Pre-Poo Treatments Are Your Friend
These days, I start with a pre-poo 48 hours before I plan to wash my hair. If I ever skip this step, my hair knows. I alternate between Squigs Beauty Gooseberry Delight Hair Oil infused with coconut, apricot, and castor oils and Sisley Paris' Hair Rituel Restructuring Nourishing Balm made with shea, macadamia, babassu, moringa, meadowfoam oils.
And Durham says ingredients like the oils listed above, along with jojoba and avocado oils, are great additions. But she notes that humectants like glycerin and aloe vera are also important. Why? "Humectants attract and retain moisture," she explains.
Lastly, all of our experts says formulas with bond-building ingredients like amino acids, ceramides, hydrolyzed proteins, or specialized bond complexes that help repair and strengthen should be a part of your product ingredients list.
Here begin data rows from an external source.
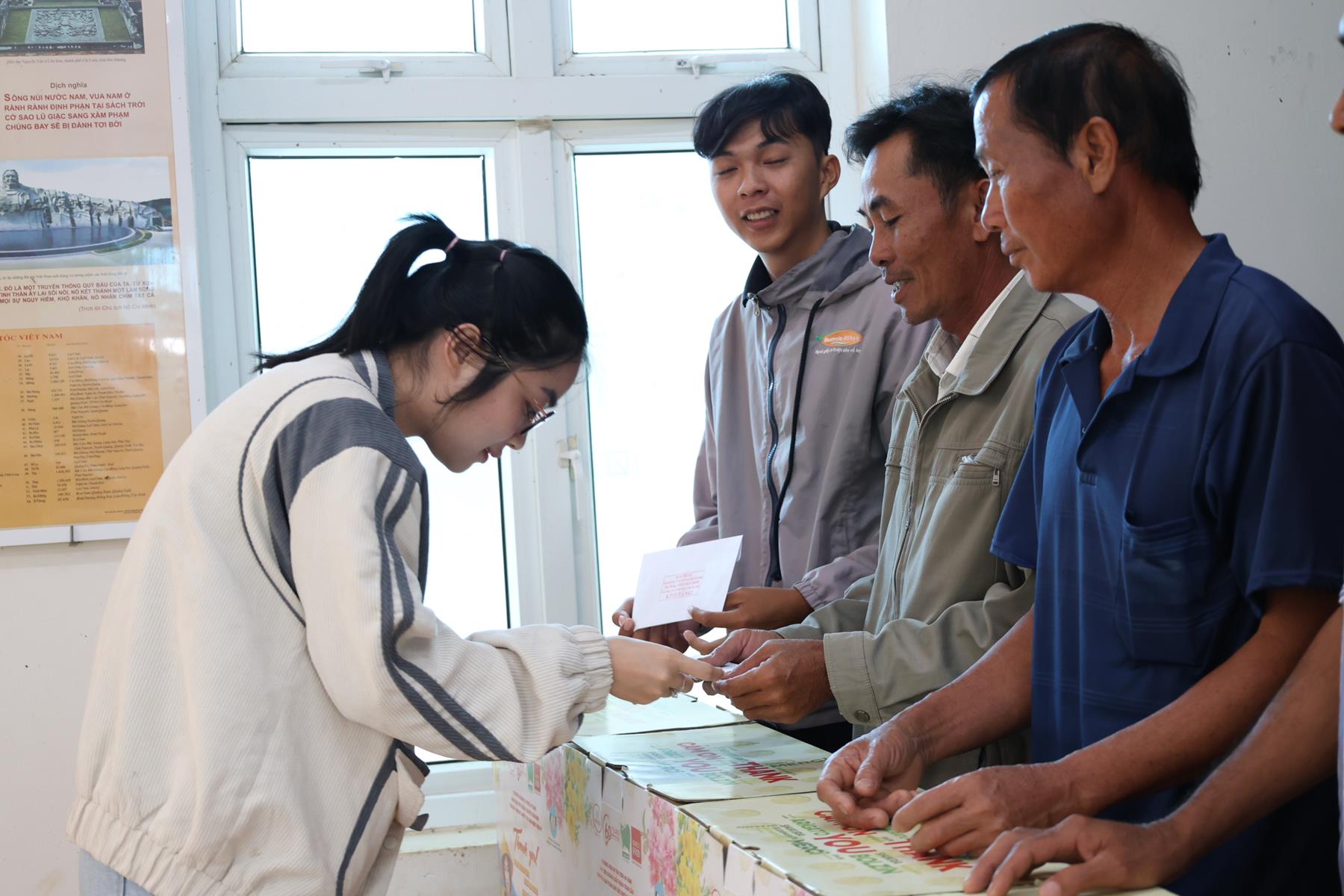 Tại đây, các đơn vị phối hợp tổ chức trao tặng 500 phần quà cho gia đình chính sách, hộ nghèo, hộ có hoàn cảnh đặc biệt khó khăn và các em học sinh trong chương trình “Nâng bước em tới trường” trên địa bàn xã Bình Hiệp. Mỗi phần quà trị giá 1 triệu đồng (gồm tiền mặt và nhu yếu phẩm), tổng trị giá quà tặng 500 triệu đồng.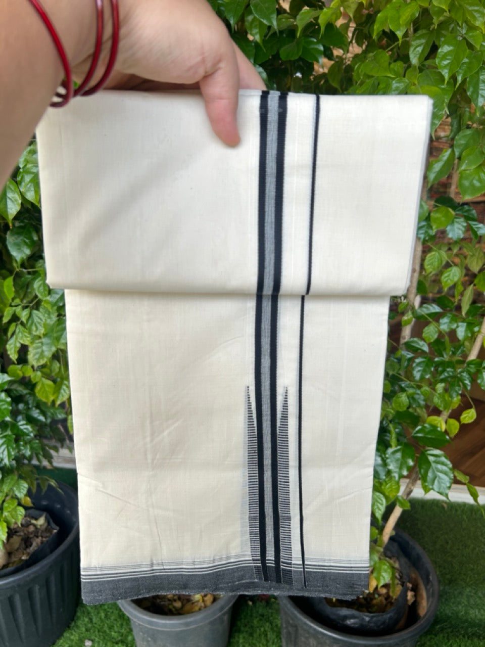 25% DISCOUNT!! KaithariKada HANDLOOM UNAKKUPAAV Balaramapuram - 100% PURE Cotton OFF White - (Unbleached) Double Mundu/Dothi - 80X100 - 1.25 inch Puliyilakkara Black striped chutty Kara 3.80 meter (8.5 Muzham) - 15KK5209 REA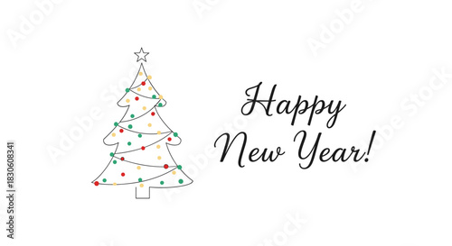 happy new year, christmas tree, vector, illustration, greeting, card, minimalist, simple, design, holiday, celebration, winter, season, isolated, white background, line art, outline, drawing, modern, clean, elegant, decoration, light, colourful, star, festive, new year, christmas, typography, lettering, script, handwritten, art, graphic, beautiful, contemporary, poster, banner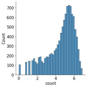 이렇게 왼쪽 편향이 되어있을 때는 로그변환을 해주면 좋다.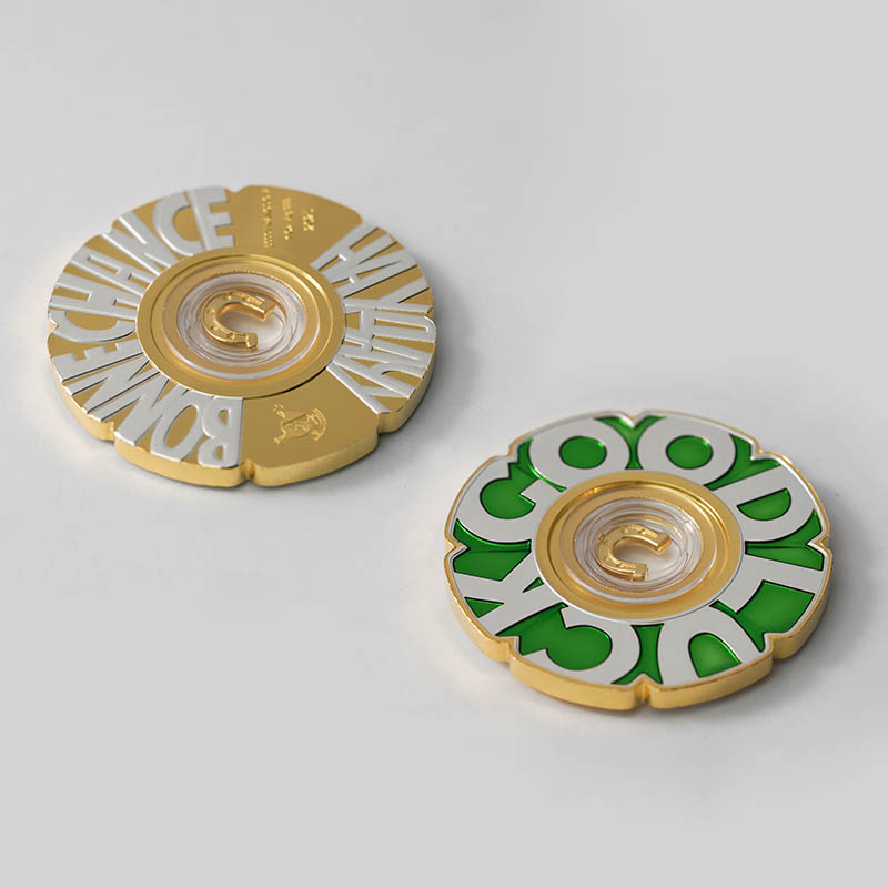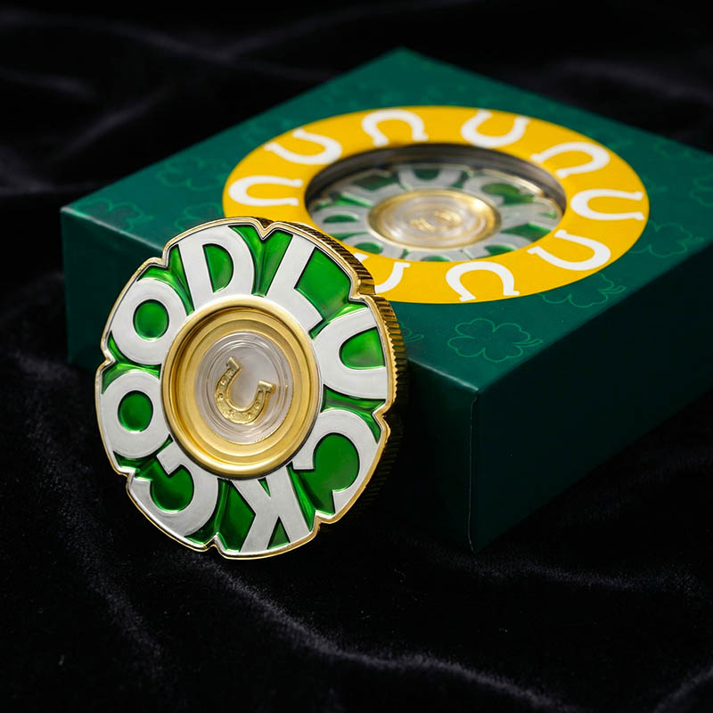 Реверс продолжает заложенную идею. Рельефные слова GOOD LUCK формируют композиционный центр, а пространство между ними заполнено прозрачной зелёной эмалью. Центральная капсула с подковой объединяет обе стороны монеты в единый образ, усиливая ощущение цельности.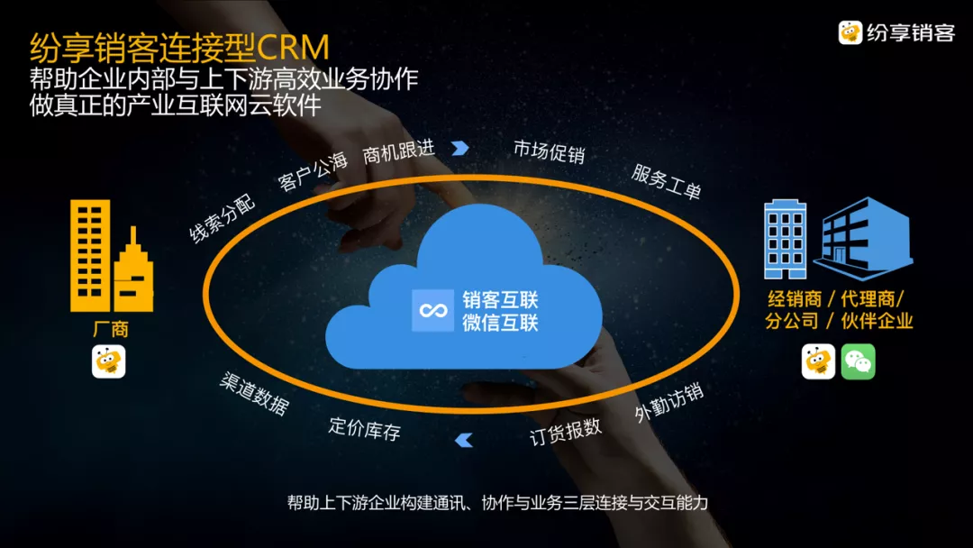 但纷享销客的连接不同,纷享销客的连接是上游CRM和下游CRM主体之间的连接。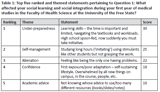 Table 1 summarises the top five ranked statements indicating factors that affected students' social learning and integration. Five themes were identified during the analysis of the data in response to Question 1.

Don’t Skip A Deep-Conditioning Treatment With Heat
We can all get lazy when it comes to wash day. But with blonde hair, that isn't an option — and neither is not taking the time to add heat to your deep-conditioning process. "Steam and heat during a deep conditioning treatment are very important," Larry Sims, co-founder of Flawless by Gabrielle Union and celebrity hairstylist, emphasizes. There are a few reasons for this. "First, heat helps open the hair cuticles, allowing the treatment to penetrate the hair shaft more effectively and therefore enabling better absorption of the ingredients into the hair," he shares.
He also notes that adding heat helps build the hair's elasticity and strength. This is the time, he says, to use a product like Flawless by Gabrielle Union Moisturizing Repairing Deep Conditioning Hair Treatment Mask because it's infused with ultra hydrators like coconut, passionfruit seed, castor, and avocado oils.
Your Blonde Hair Also Needs Protein
Protein isn't just essential in our diets; our hair, especially if it’s processed, benefits from protein treatments too. However, the key here is not to overdo it because it can make coils feel even drier. "You should alternate between protein and hydration treatments if you are doing them weekly," Shorter advises. "Protein will strengthen and hydration will moisturize so your hair is staying strong." I've had great results with ApHogee Two-Step Protein Treatment and use it once every four to six weeks.
Having blonde curls is certainly a commitment. But with the right colorist, products, and at-home care you can keep your hair healthy throughout the winter — and beyond.